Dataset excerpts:
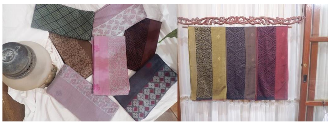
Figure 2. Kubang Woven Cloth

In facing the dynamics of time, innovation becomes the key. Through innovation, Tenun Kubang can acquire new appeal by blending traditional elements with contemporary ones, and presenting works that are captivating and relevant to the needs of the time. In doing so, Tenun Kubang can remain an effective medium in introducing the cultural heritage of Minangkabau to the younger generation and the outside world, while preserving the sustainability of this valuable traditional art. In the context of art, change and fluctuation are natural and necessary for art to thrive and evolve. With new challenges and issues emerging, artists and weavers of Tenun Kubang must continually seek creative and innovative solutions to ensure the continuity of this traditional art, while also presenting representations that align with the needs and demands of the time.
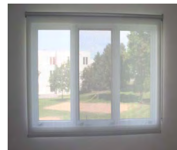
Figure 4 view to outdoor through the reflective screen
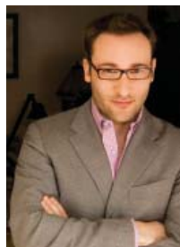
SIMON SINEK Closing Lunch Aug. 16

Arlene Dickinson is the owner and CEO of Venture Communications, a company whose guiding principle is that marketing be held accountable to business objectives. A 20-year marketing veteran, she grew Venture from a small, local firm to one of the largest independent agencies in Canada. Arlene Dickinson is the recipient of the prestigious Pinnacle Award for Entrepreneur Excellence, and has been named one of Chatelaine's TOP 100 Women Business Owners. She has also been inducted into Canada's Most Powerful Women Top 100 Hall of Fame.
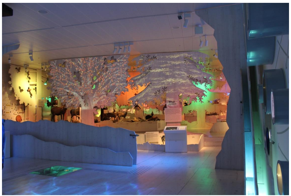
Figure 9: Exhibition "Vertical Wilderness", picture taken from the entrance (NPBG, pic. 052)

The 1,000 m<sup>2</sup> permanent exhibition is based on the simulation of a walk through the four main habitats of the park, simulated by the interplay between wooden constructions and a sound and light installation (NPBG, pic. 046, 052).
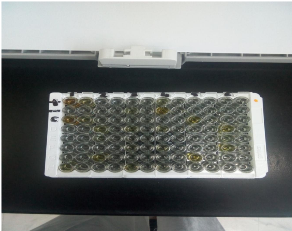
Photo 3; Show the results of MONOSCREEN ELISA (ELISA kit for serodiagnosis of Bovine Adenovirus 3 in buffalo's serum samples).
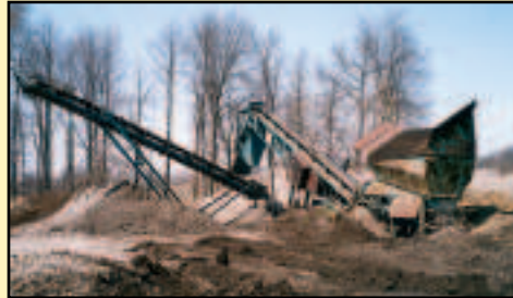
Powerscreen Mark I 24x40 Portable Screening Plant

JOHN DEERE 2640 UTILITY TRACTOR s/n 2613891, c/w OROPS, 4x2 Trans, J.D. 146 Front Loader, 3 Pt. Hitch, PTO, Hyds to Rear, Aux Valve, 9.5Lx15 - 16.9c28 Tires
---
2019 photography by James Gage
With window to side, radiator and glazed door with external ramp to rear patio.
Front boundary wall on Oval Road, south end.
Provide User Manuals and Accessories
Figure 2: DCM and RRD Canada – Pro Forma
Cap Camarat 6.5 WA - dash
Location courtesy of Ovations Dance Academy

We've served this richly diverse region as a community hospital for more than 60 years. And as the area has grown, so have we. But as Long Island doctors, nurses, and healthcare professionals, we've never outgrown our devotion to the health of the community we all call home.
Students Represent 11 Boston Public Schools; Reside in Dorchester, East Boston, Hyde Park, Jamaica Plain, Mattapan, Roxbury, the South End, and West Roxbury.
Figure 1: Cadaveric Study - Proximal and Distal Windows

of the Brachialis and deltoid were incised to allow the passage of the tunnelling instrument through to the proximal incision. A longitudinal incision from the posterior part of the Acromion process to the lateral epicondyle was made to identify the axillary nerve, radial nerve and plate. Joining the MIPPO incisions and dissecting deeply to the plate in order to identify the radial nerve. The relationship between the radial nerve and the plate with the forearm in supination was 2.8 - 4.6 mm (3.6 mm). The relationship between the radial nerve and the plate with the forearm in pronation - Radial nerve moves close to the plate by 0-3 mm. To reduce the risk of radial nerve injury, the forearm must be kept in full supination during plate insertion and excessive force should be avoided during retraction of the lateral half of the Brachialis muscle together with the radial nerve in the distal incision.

- [WHAT IS EXPECTED]: Retype only the stretch of lines above starting at the one with "Location courtesy of Ovations Dance Academy" and stopping at the one with "Figure 1: Cadaveric", exactly as written, with both kept.

- [YOUR SOLUTION]:
Location courtesy of Ovations Dance Academy

We've served this richly diverse region as a community hospital for more than 60 years. And as the area has grown, so have we. But as Long Island doctors, nurses, and healthcare professionals, we've never outgrown our devotion to the health of the community we all call home.
Students Represent 11 Boston Public Schools; Reside in Dorchester, East Boston, Hyde Park, Jamaica Plain, Mattapan, Roxbury, the South End, and West Roxbury.
Figure 1: Cadaveric Study - Proximal and Distal Windows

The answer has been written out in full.